The Sudan People’s Liberation Movement-North, an ethnic-linked group, has expanded its operations in Kordofan and the Blue Nile state. The group has allied with the RSF to push its own agenda, which includes “securing greater autonomy for these regions and promoting a secular political framework that challenges Khartoum’s Islamist-leaning governance,” Saad wrote. Other ethnic militias operate in eastern Sudan.
Islamist-linked militias, particularly the El Baraa Ibn Malik Brigade, now a key SAF ally, also have emerged. The Brigade was named after a famous Muslim fighter during early Muslim conquests. RSF supporters have complained on social media that these fighters are remnants of the Omar al-Bashir regime that was toppled in a 2019 coup.
Another Islamist group, the Sudanese Popular Resistance Factions (PRF), supports the SAF. In 2023, it released a video in which masked gunmen pledged to “liberate Khartoum and cleanse it of the filth of these [RSF] mercenaries.” The group’s name echoes that of the resistance committees that played a role in al-Bashir’s ouster. Unlike those committees, the PRF “espouses violence rather than non-violence and emerged not from the grassroots but from the shadows,” the Sudan War Monitor reported.
If the rise of armed groups is not stemmed, Saad says they may evolve and establish territories where local commanders wield unchecked power. This would undermine the possibility of establishing central governance in Sudan.
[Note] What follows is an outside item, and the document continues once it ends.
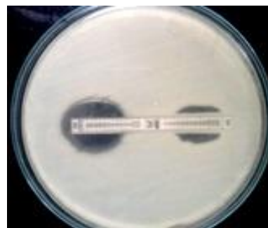
Phenotypic EZYMIC ™ strips for MBL Detection: [19] Figure 1

Prospective, observational, laboratory based study was conducted after obtaining Institutional Ethics Committee clearance. The study was conducted at Microbiology Laboratory of tertiary care centre. Fifty Gram Negative bacilli, isolated from paediatric population, identified as Carbapenemase resistant by Vitek 2 Compact were included in study. MBL production was further confirmed using EZY MIC ™ (EM078) E. strips by HIGH-MEDIA with Imipenem alone & Imipenem with & without EDTA combination & HIGH-MEDIA Imipenem Disc with & without EDTA were used for MBL detection.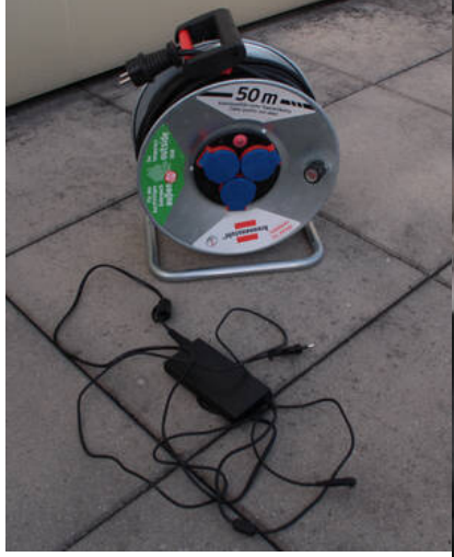
Fig. 10: Mobile power supply and the cable reel

“These groups don’t share a single goal,” he wrote. “Some fight for self-defense, others for political power. Some for revenue and wealth. Others are seeking ethnic control — Sudan’s population has 56 ethnic groups and 595 sub-ethnic groups. This is what makes Sudan’s war even more dangerous: fragmentation is creating multiple mini-wars within the larger conflict.”
‘A War on Your Future’
Attempts at a ceasefire through talks in Jeddah, Addis Ababa and Geneva have failed to end the violence as each side seeks to gain and maintain momentum. After recent military setbacks, the RSF in late May regained control of El Dabibat, a strategic gateway between Kordofan and Darfur, after launching drone strikes and ground assaults on the SAF and allied fighters, Dabanga Sudan reported. The SAF had claimed control of the town days before.
Abdul Mohammed, a former African Union and United Nations official, recently urged the Sudanese people to take ownership of their country’s path to peace, arguing that international mediation alone cannot end the war. Writing in the Sudan Transparency and Policy Tracker, Mohammed called for a grassroots movement driven by the people, rather than politicians.
“This war is not merely a military confrontation,” Mohammed wrote. “It is a war on your dignity, your identity, your communities, and your future.”